Actually more a trailer, but I thought this might be fun.
This is quite gonzo - a term I often use to interchange between self authorship and what's going on in the mind.
John Sturrock an incredible photographer and lecturer put this up on the board, last week as we double-headed.
How right he is, how right the quote, which I have doctored and added to:
We read images and film with our emotions; they are symbols that communicate with our sub conscious. Our minds make assumptions about their content and meaning, thus the image depends on the context with which it has been used.
The image and film's state can be heightened by elements such as music, colour and narrative - all of which add texture, qualification and interpretation.
The right side free-wheeling mind assimilates and hands over to the left side sequential and more ordered.
How you react with the product is completely up to you
Making a film/trailer/ flash movie/ site/ is an inspirational love affair - particularly when there's no green backs awaiting you.
I suppose this vocation can be a bit like an artist painter - making pieces out of the sheer enjoyment, and that's often my starting block.
If it's straight news then I'd like to think I'll gain the zeal from the story, but when it's a feature two things fight each other: the pic and the music.
Ridley Scott talked about how Gladiator was inspired by a single pic and I had some idea what he meant.
It's like a word association game: one image begats another and so on.
When I heard this music (see below), I couldn't get it out of my head.
The energy, pace said it all. I bought the license and played it at high volume on my Mac with speakers with no light in the room.

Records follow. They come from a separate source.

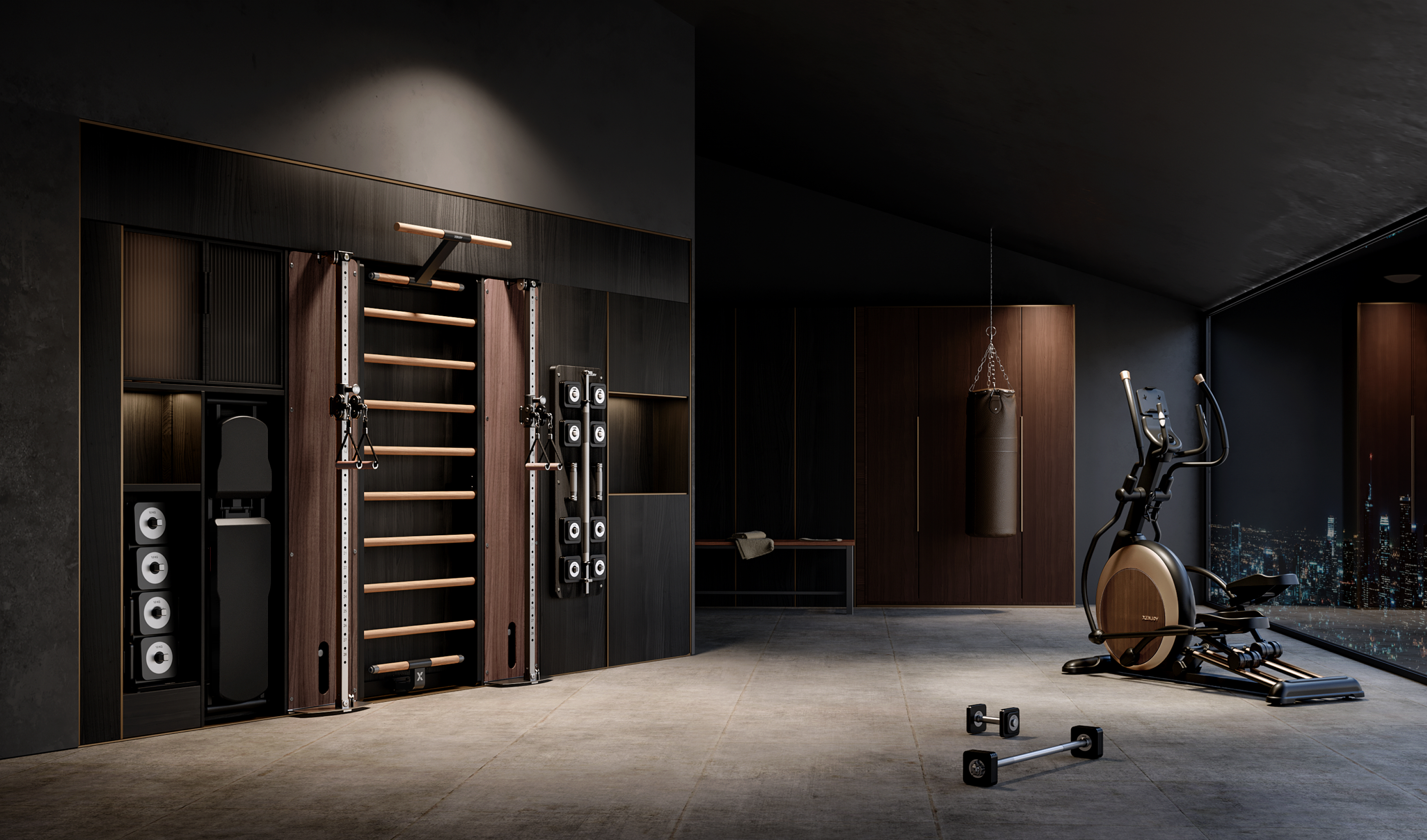 Xenjoy began with a question: why must the tools that care for our well-being be things we hide? We answered by marrying premium performance with refined design. The “x” marks the intersection where precision engineering and high-grade North American walnut meet—so your workout ends and your piece of functional art slips back into the room.
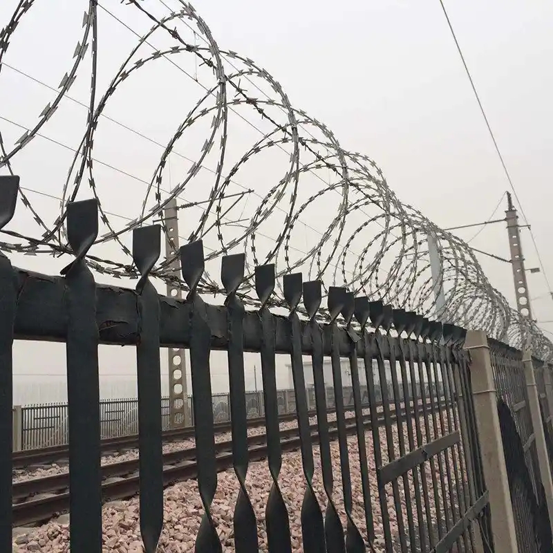 跨度為3米。在用刀片纏繞帶刺鐵絲網之后,每隔120度用帶刺鐵絲網夾固定帶刺鐵絲網,并用柵欄代替柵欄。圍欄更具防御性。壽命更長:鋼筋混凝土圍欄+ 0.5米高BARBED滾動保持架。拼接支架由矩形鋼管制成,與柱支架相同。該產品具有防腐,抗老化,抗日光和耐候性的特點。施工速度快,不僅省錢,而且有效地起到了威懾作用
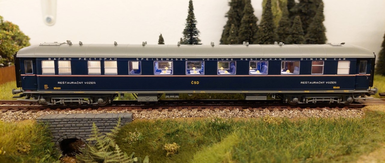 Já jsem to nakonec osvětlil ESU DCC teplá bílá. Jednu poslední LED jsem uříznul a koncová světla odpájel. Vyšlo to akorát, pouze jsem musel napájet drátky k připravenému vývodu pro originální osvětlení, které se tam dá předpokládám pouze nacvaknout. Výsledek je následující:
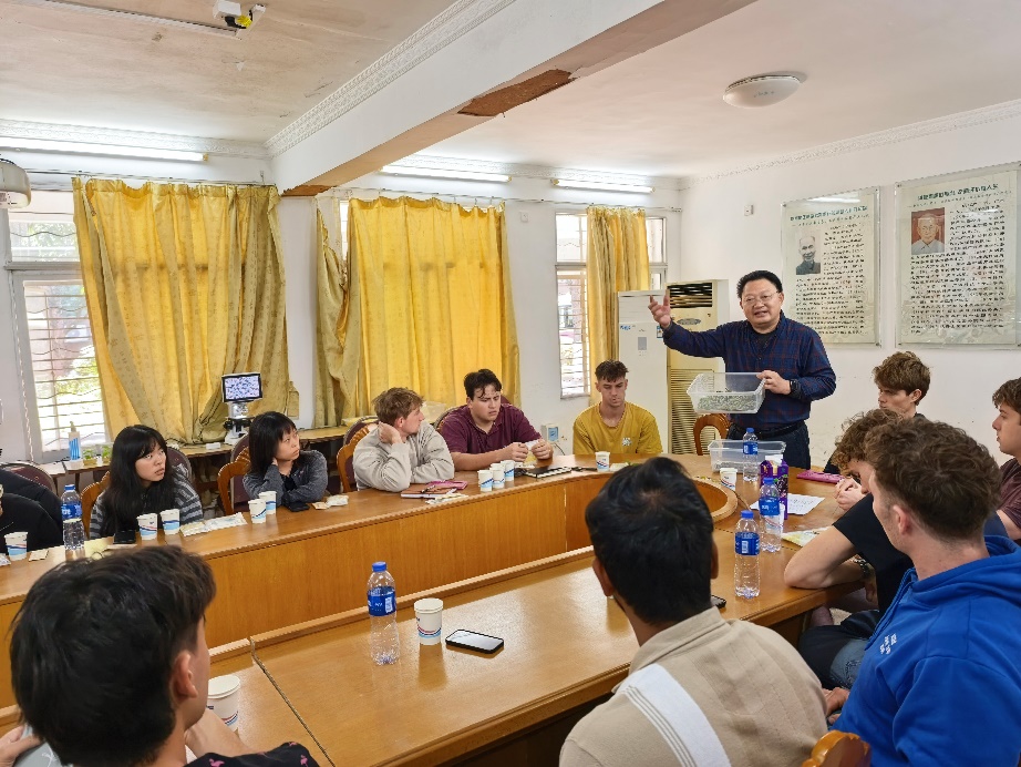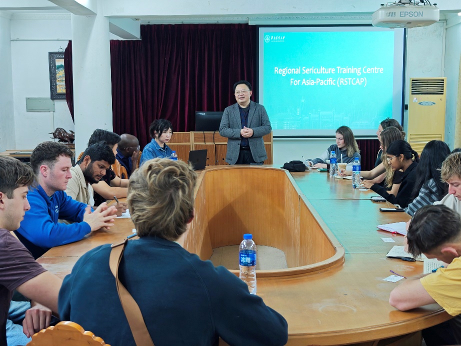 刘吉平为学生们介绍中国蚕桑文化及亚太地区蚕桑培训中心
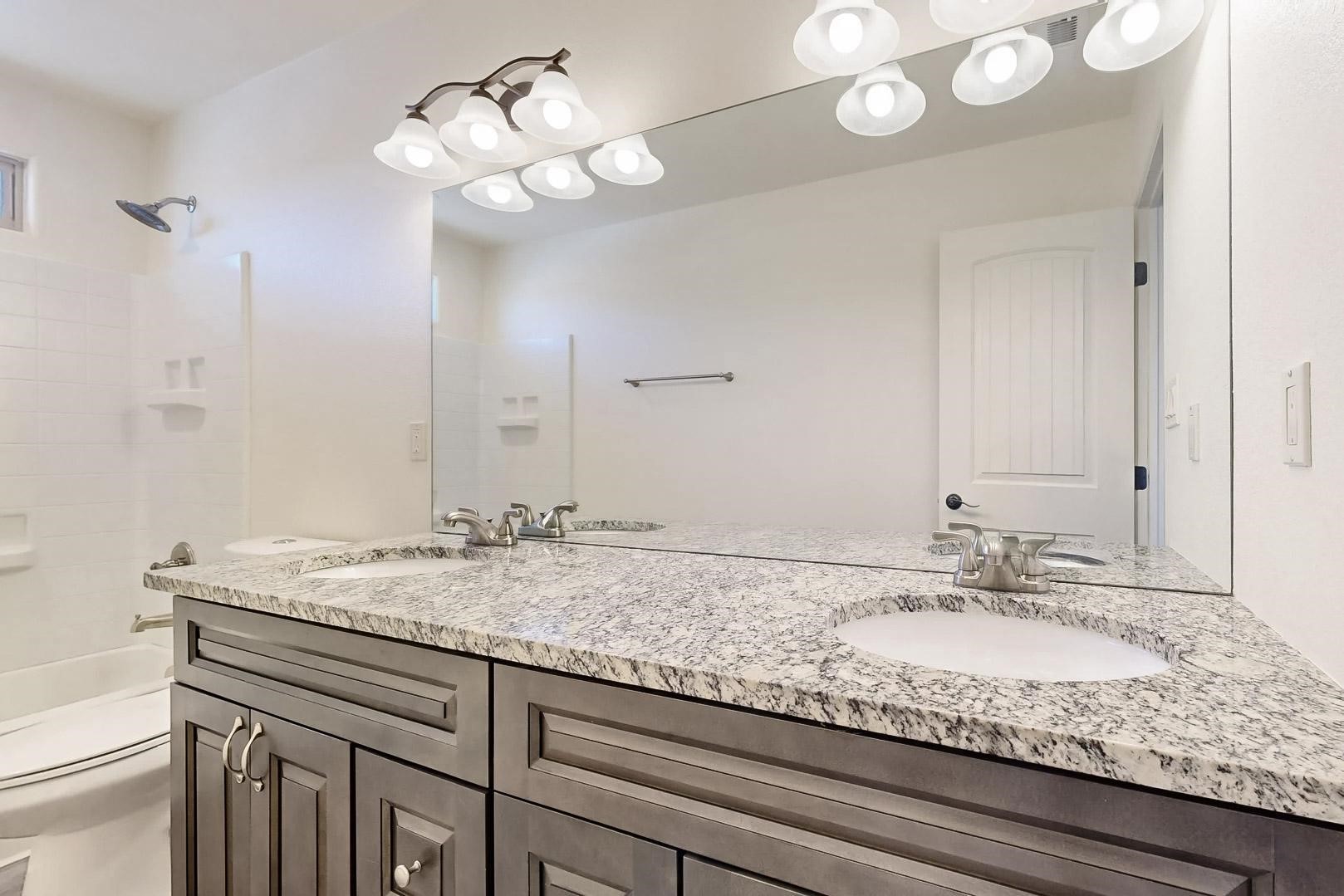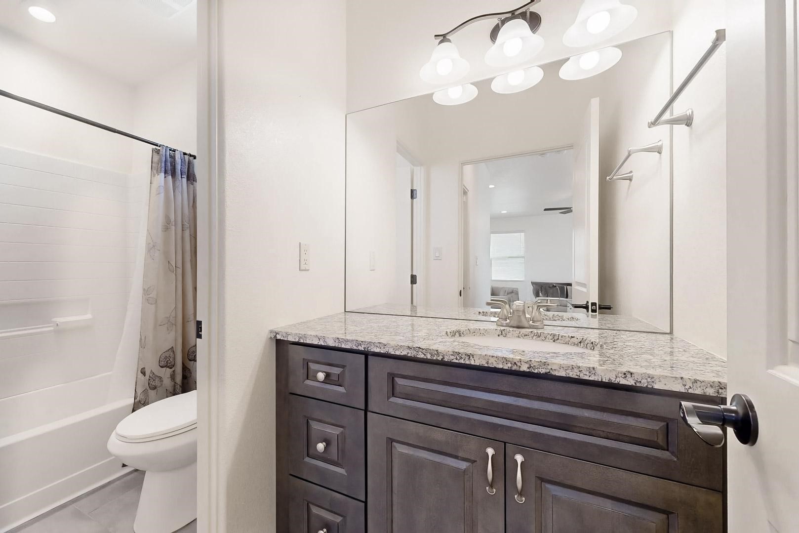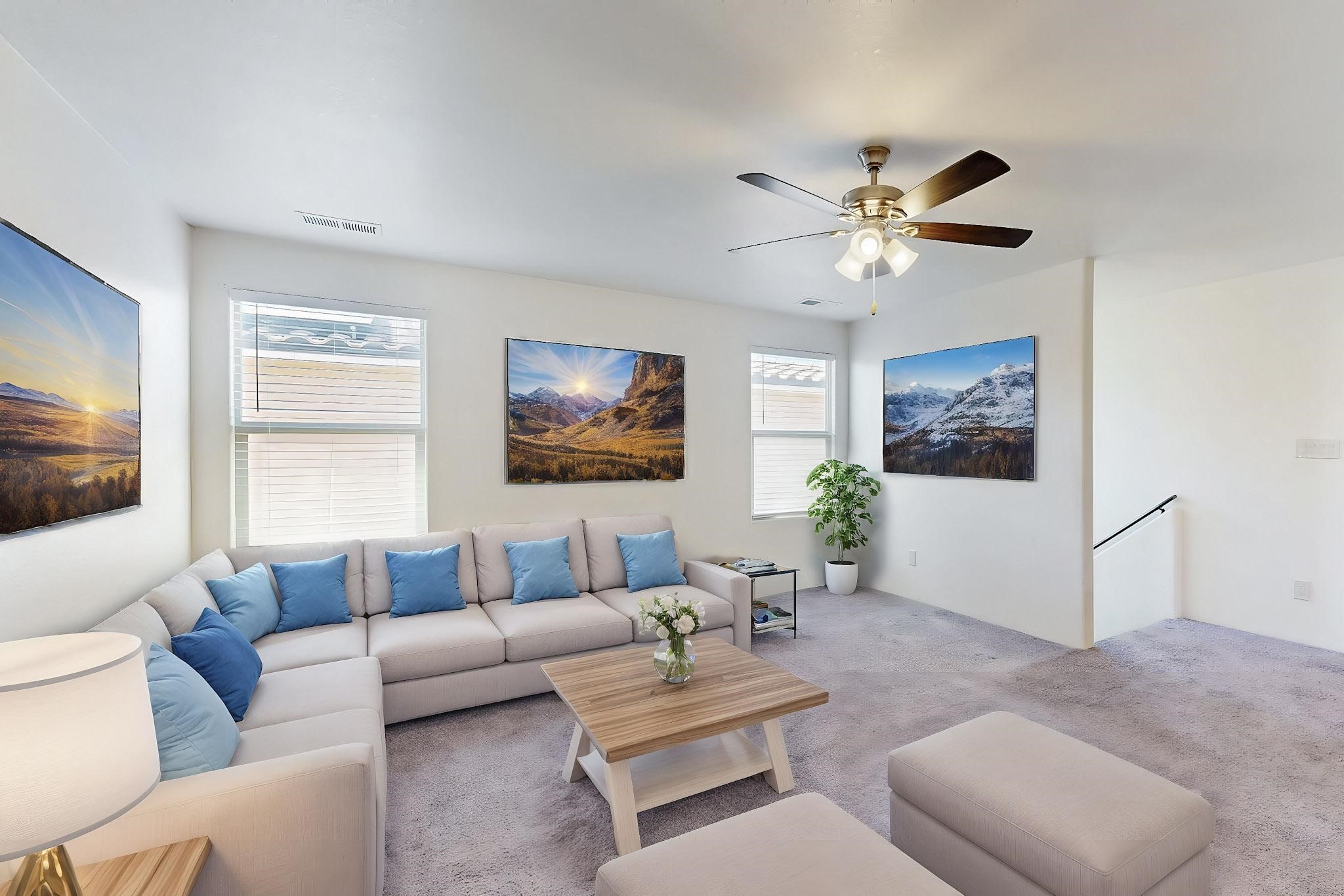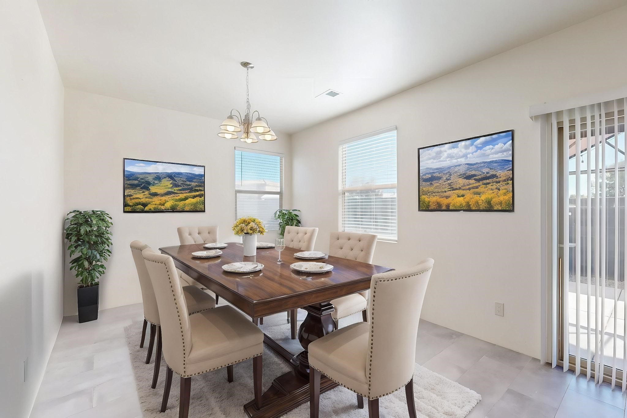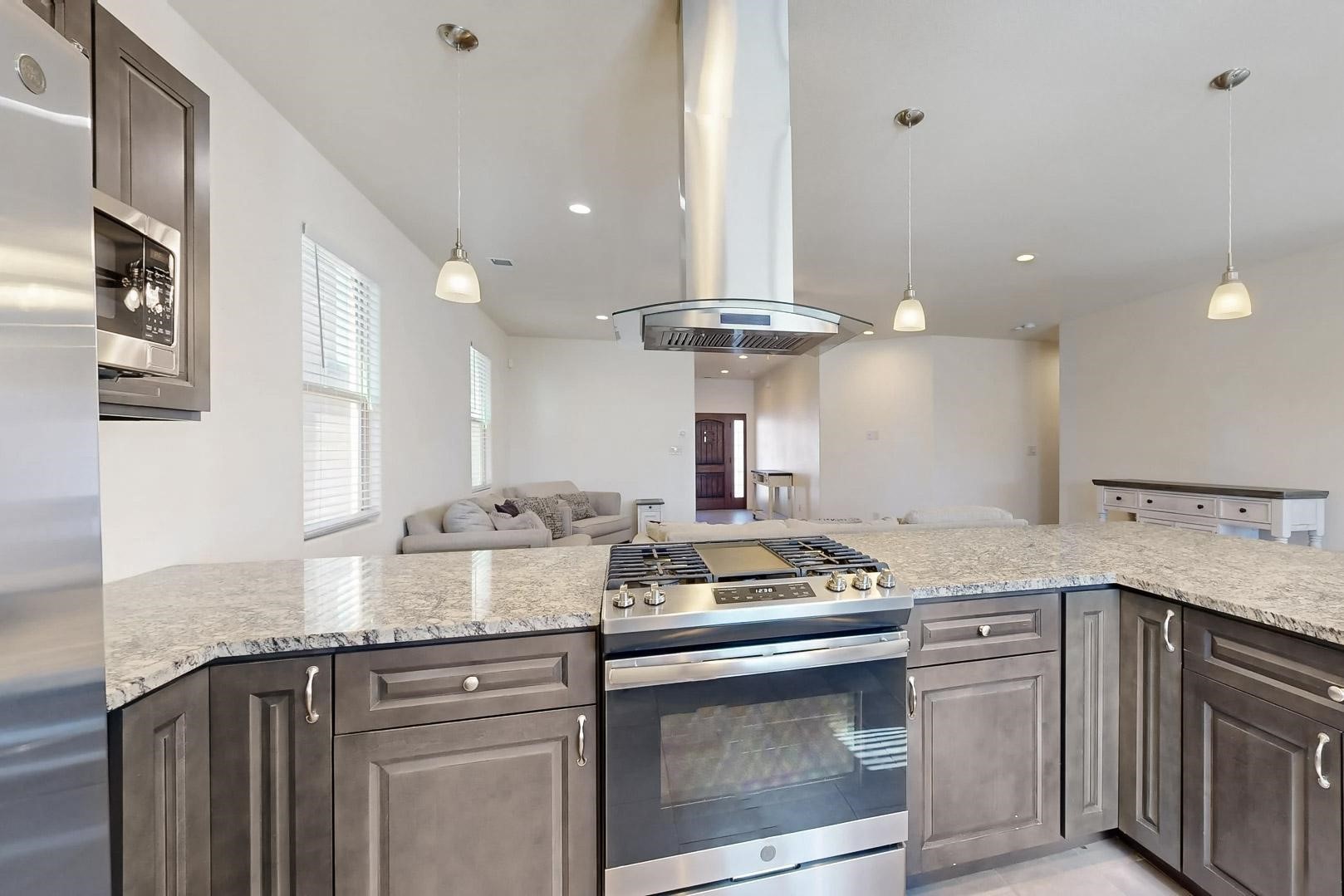 This spacious home has it all! Built at the end of 2019 in the Casas Bonitas subdivision, this home boasts 5 bedrooms, 3 bathrooms, and two living areas. On the main level you will find one bedroom, one bathroom, a chef's kitchen with granite countertops, stainless steel appliances, a pantry, and an abundance of tasteful cabinets. Off the kitchen, the dining room is ideal for family breakfasts or intimate dinners and the living room, although large, is cozy and homey. Upstairs you'll find the generously sized primary suite, complete with dual vanities, a soaking tub, a separate shower, and a walk-in closet, three additional bedrooms, a third bathroom, the laundry room and a large loft. Outside, enjoy fully landscaped front and back yards, complete with patios, a pergola, dog run, and a large space that can be used for RV parking, storage or additional vehicles. The backyard is walled and there are no adjoining neighbors behind the home. Additional highlights include granite countertops throughout the home, a finished two-car garage, solar, refrigerated air, tankless water heater, dual zone furnace, energy-efficient systems and green certification.

It allows me to visualise scenes and how the music might be interpreted; also I'm editing sequences together.
Then two images came to mind - which I have laid over this quicktime file.
Left side - right side brain
These two marry the music pretty well. They are scenes shot in Cairo for a project looking at Multimedia. Last summer I was there with Robb Montgomery and we made a behind the scenes attending to a number of projects about multimedia.
I have since continued looking at this with elements for a half hour feature which I can put together.
Unfortunately I can't do that in a couple of days because of commitments, but we can look at how I might get something decent - I hope, together.
So this qt movie of two stills sets the trend.
From here some point tonight I'll dig through my archive and look for approp shots from Cairo, London etc.
Once I have got the shots, we'll start to manipulate them.
Manipulating shots is perhaps the more trying for any videojournalist. It's a feel thing. I'll use a few ghosting effects and what I call grandma's recipe - stuff that I've built up which in many ways has no structure.
Now wait, I'm not saying I'm Pollock, but if I had to a chance to ask him how does he know where to daub his strokes, the paint, I'd be highly interested in his reply.
I wouldn't be surprised if he said, he just feels it. It may look random and perhaps it is, but the manipulation of imagery is dependent on the context and image, and that often can feel you with an emotional state that allows you to do things you wouldn't even consider worthwhile before.
For instance in one short I made I recorded the film onto my Super 8mm and then projected that onto water surface and refilmed with my dvcam.
I have no idea why, other than the music and the mood suited something haunting and I'd somehow conjured up, most likely from seeing someone else, a way of meeting that.
Anyhow's enough of that. Lets see what happens tomorrow.